Murrieta v. Terhune
This text of 62 F. App'x 195 (Murrieta v. Terhune) is published on Counsel Stack Legal Research, covering Court of Appeals for the Ninth Circuit primary law. Counsel Stack provides free access to over 12 million legal documents including statutes, case law, regulations, and constitutions.
Opinion
MEMORANDUM
Petitioner Obed Valenzuela Murrieta appeals the district court’s dismissal of his 28 [196]*196U.S.C. § 2254 petition as barred by the statute of limitations in the Antiterrorism and Effective Death Penalty Act of 1996, 28 U.S.C. § 2244(d)(1). We affirm.
Murrieta contends that he is entitled to statutory and equitable tolling because he was unable to gain access to the law library at either of the two prisons where he was housed during the one-year limitation period. Murrieta never explained, however, how lack of library access prevented him from obtaining and filling out the federal habeas form he eventually filed. See Lewis v. Casey, 518 U.S. 343, 351, 116 S.Ct. 2174, 135 L.Ed.2d 606 (1996) (stating that the prisoner must show how alleged library shortcomings hindered his efforts to pursue his claim).
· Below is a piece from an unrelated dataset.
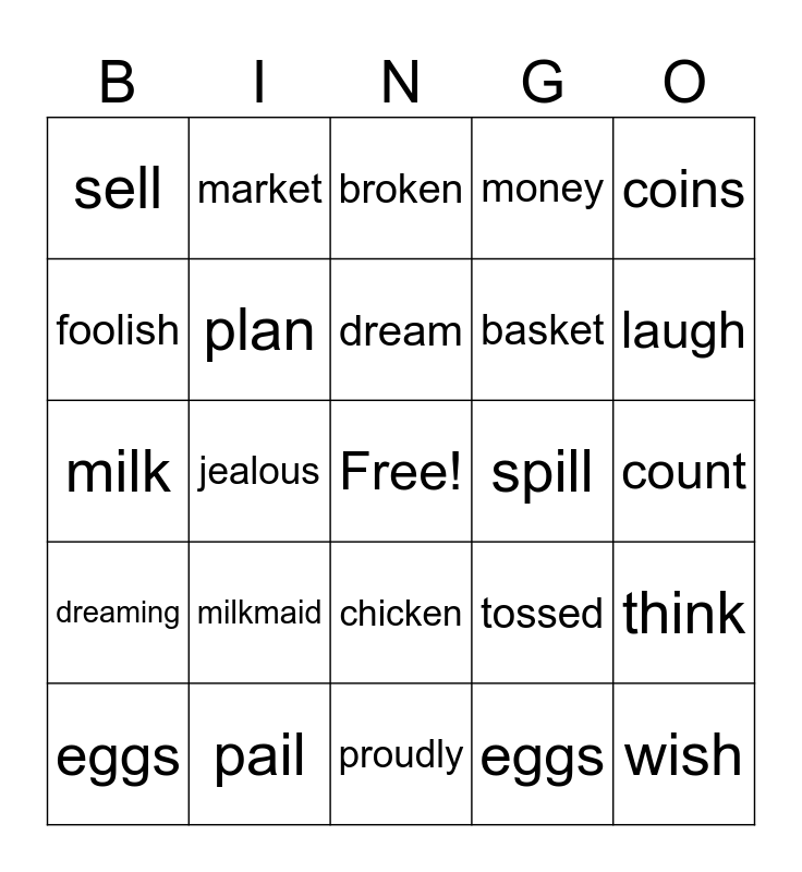This bingo card has a free space and 24 words: milkmaid, pail, dream, eggs, coins, sell, foolish, market, spill, chicken, basket, milk, tossed, think, plan, eggs, count, broken, laugh, jealous, wish, dreaming, money and proudly.
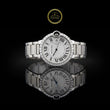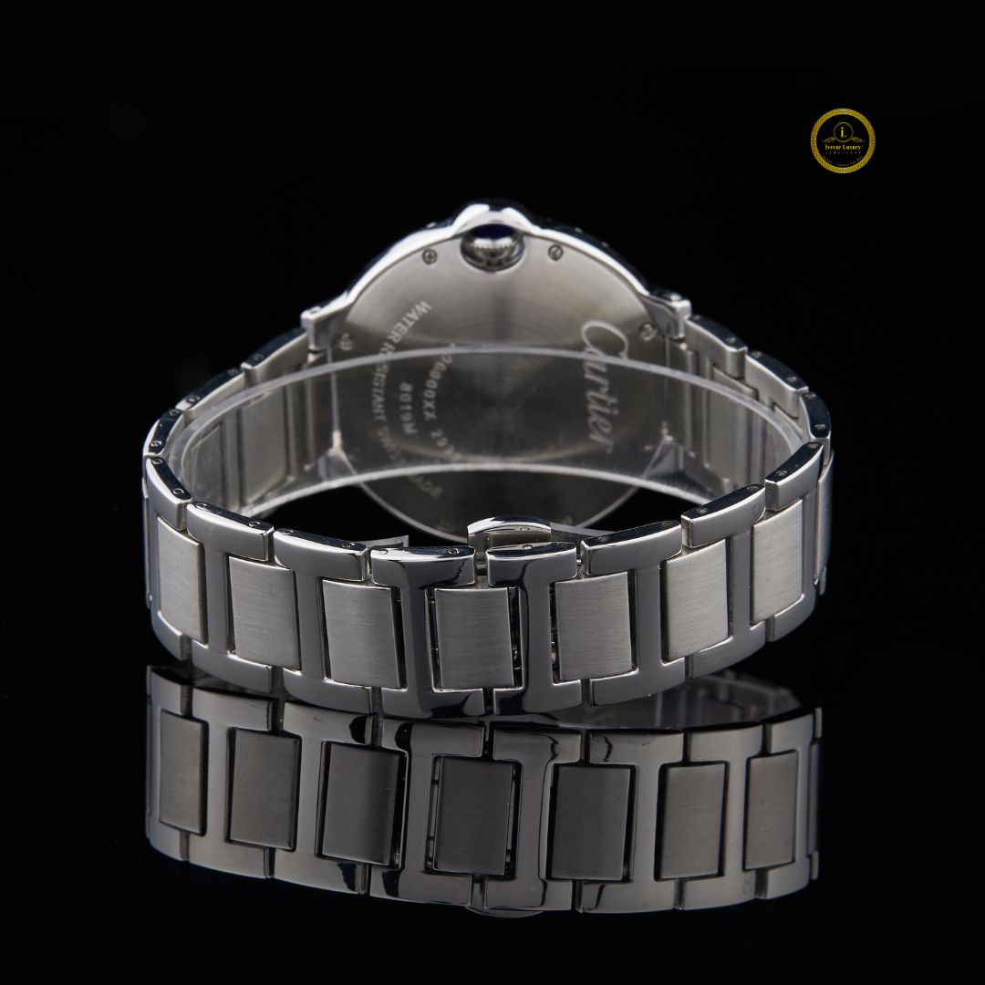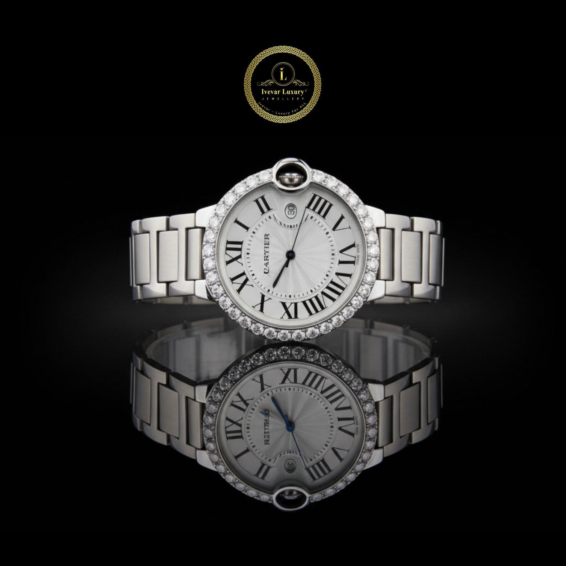 This exquisite luxury watch is a symbol of timeless sophistication and refined craftsmanship. Featuring a round case beautifully adorned with a brilliant diamond-set bezel, it captures light from every angle, exuding pure elegance. The silver-toned dial showcases bold Roman numerals and sleek blue sword-shaped hands, offering a perfect blend of classic charm and modern precision. Crafted from premium stainless steel, the polished bracelet ensures both durability and comfort. A true expression of grace, precision, and luxury, this timepiece is designed for those who appreciate understated elegance and superior artistry.

Murrieta also contends that we should remand the case for an evidentiary hearing to determine whether he made more than one request for law library access at Centinela State Prison. He relies on our opinion in Whalem/Hunt v. Early, 233 F.3d 1146, 1148 (9th Cir.2000) (en banc) (per curiam), in which we remanded for further factual development to determine whether either statutory or equitable tolling was justified. Here, the magistrate judge did what she was supposed to do after Whalem. She deferred her report so that Murrieta could submit additional evidence in support of his petition. Murrieta did not submit sufficient additional evidence to show that tolling was justified.
AFFIRMED.
This disposition is not appropriate for publication and may not be cited to or by the courts [196]*196of this circuit except as provided by Ninth Circuit Rule 36-3.